This time of year, many Americans are struggling to finish their tax returns on time, cursing the IRS in particular and the US government in general.

I would like to write a thank-you note to the American taxpayer. I am a beneficiary of your (and my own) largess.

I read a while back that it costs hundreds of thousands of dollars to train a PhD level scientist; most of that cost is borne by a combination of federal and state funding. Mark and I are no exception; we both received subsidies, scholarships and stipends from state and federal entities in addition to private money. In contrast, taxpayers pay several times more to train a military pilot. Tellingly, during the dot-com boom of the late 1990s, the two types of officers not allowed to separate from the AF at the end of their enlistment terms were pilots and meteorologists.

Not only were we trained on taxpayer dollars, but we are still on the dole today, working in a federally funded laboratory. In the past two years, I have been paid by a variety of federal sources including DOD (USAF), NASA, DOC (NOAA) and DOT (FAA).

It gets worse. I had the audacity to give birth and take maternity leave, paid for by your tax dollars. Moreover, I had the cheek to become severely ill, consume large quantities of health care and go out on medical disability leave for several months.
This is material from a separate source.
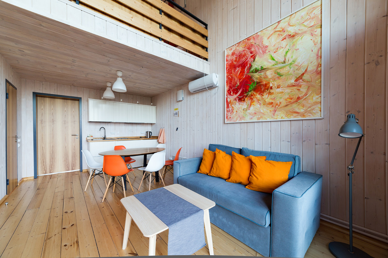 Дом-Ковчег – это 10 номеров коридорного типа. В общей сложности Ковчег рассчитан на проживание 52 человек. Все номера выполнены в дереве. Внутри есть два больших зала для занятий, соединенных зоной чилл-аут с детской игровой. Залы оснащены звуковым оборудованием, проектором с экраном.

That medical care and time off was paid for by a combination of our savings and your taxpayer dollars.

I try to give you good value for your tax-dollars. But I have competing priorities as I need to also focus on my recovery and raising my daughter. I can not maximize the training that you paid for by working around the clock. Although, if I die prematurely, that wouldn't maximize your training dollars, either.

I work ‘only part-time’ for a scientist, 36 hours a week. I really can’t run any faster. I am sorry. But thanks for the health care. It was, literally, a lifesaver. Now let’s do the important work of building a nation that is worth funding and defending.

PS. I am not arguing that our current tax system is optimal or even fair. I am just saying thanks.

Friday, April 13, 2007

Sobering Quote

A major benefit of being a start-over dad is that the men no longer need to scramble up the professional ladder. “It’s so pleasant,” said Dr. J. Allan Hobson, 73, a former Harvard Medical School professor of psychiatry and the father of twin 10-year-olds, Andrew and Matthew. “My success as a scientist depended on my neglecting my first set of children. Now that I’m retired, we have a lot more time together.”
Read the entire article, He’s Not My Grandpa. He’s My Dad.

Thursday, April 12, 2007

How to Use a Clothesline

Skills are usually passed down from parent to child. But, what happens when a skill is lost and your parents don't know how to use a clothesline? Then people turn to search engines or the media.

Today, the NY Times ran an article entitled, to fight global warming, some use a clothesline. Unfortunately, the pictures show her using it wrong. The LA Times ran a similar article a few weeks ago in which the pictures also showed the writer using the clothesline wrong.

If you hang your shirts up right side up and clip them at the shoulders, you will have funny-looking peaks at your shoulders. Is that really what you want?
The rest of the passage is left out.